Review of Cooper, H. & Hedges, L.V. (Eds.)
The handbook of research synthesis.
Contemporary Psychology, 40
(8), 736-738.

Gene V Glass

Harris Cooper and Larry V. Hedges (Eds.) The handbook of research synthesis. New York: Russell Sage Foundation, 1994. 573 pp. ISBN 0-87154-226-9. $49.95

The Handbook of research synthesis is the third volume of a coordinated publication program on meta-analysis sponsored by the Russell Sage Foundation. Starting in 1987 under the direction of a Research Synthesis Committee (Harris Cooper, Thomas Cook, David Cordray, Heidi Hartmann, Larry Hedges, Richard Light, Thomas Louis and Frederick Mosteller), the project has previously produced The future of meta-analysis (Wachter and Straf, 1990) and Meta-analysis for explanation (Cook et al., 1992). The Handbook is by far the largest and most comprehensive publication of this project. It means to be the "definitive vade mecum for behavioral and medical scientists intent on applying the synthesis craft."(p. 7) At nearly 600 hundred pages and three pounds, researchers will have to leave their laptops behind. Although the editors and many of the chapter authors eschew the term "meta-analysis" in favor of the broader "research synthesis," potential readers should understand that the former (statistical analysis of summary statistics from published reports) is the subject of the Handbook and not the more general concerns of theory commensurability or the planning of coordinated investigations suggested by the latter.

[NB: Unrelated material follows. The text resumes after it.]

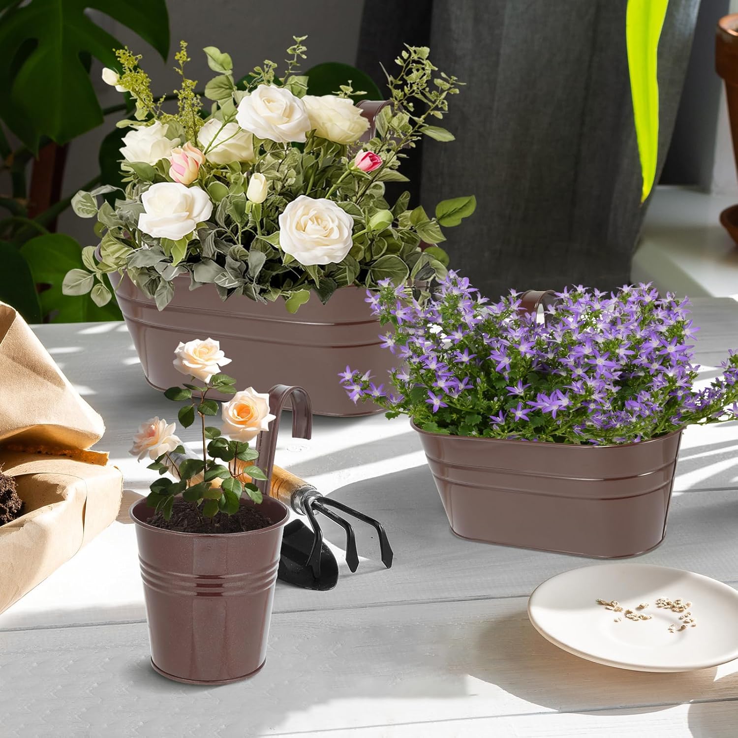 - 【SIZE DETAILS】Each set of Railing Flower Baskets contains 6 large flower baskets with dimensions of 16" x 5.9" x 6", 3 medium-sized flower baskets with dimensions of 10.6 " x 5.5" x 4.8", and 4 small flower baskets with dimensions of 3.8" x 3.8" x 4.0"(L x W x H).The Flower Basket Hook is included in the package and is very easy to install.

The organization of the Handbook follows the common logic of producing a meta-analysis: formulate the question, search the literature, code the information, analyze it, write a report. Some of the chapters are unremarkable, since much of the craft of doing research is routine; this only speaks to the completeness of the work. Chapter 6, "Research Registers" by Kay Dickersin, points to new possibilities. Medicine has databases of prospective, on-going and completed studies; Dickersin identifies 26 of them. Expand them slightly to include the actual data from clinical trials and other forms of study and many of the more vexing problems of meta-analysis (which arise from the telescoping of primary data into summary statistics--and the discarding of the former) will be solved. It is past time when behavioral research, both on-going and completed, is catalogued and archived. Telecommunications has driven the costs of information storage and retrieval to near zero. Who will create the Internet Behavioral Research Archives?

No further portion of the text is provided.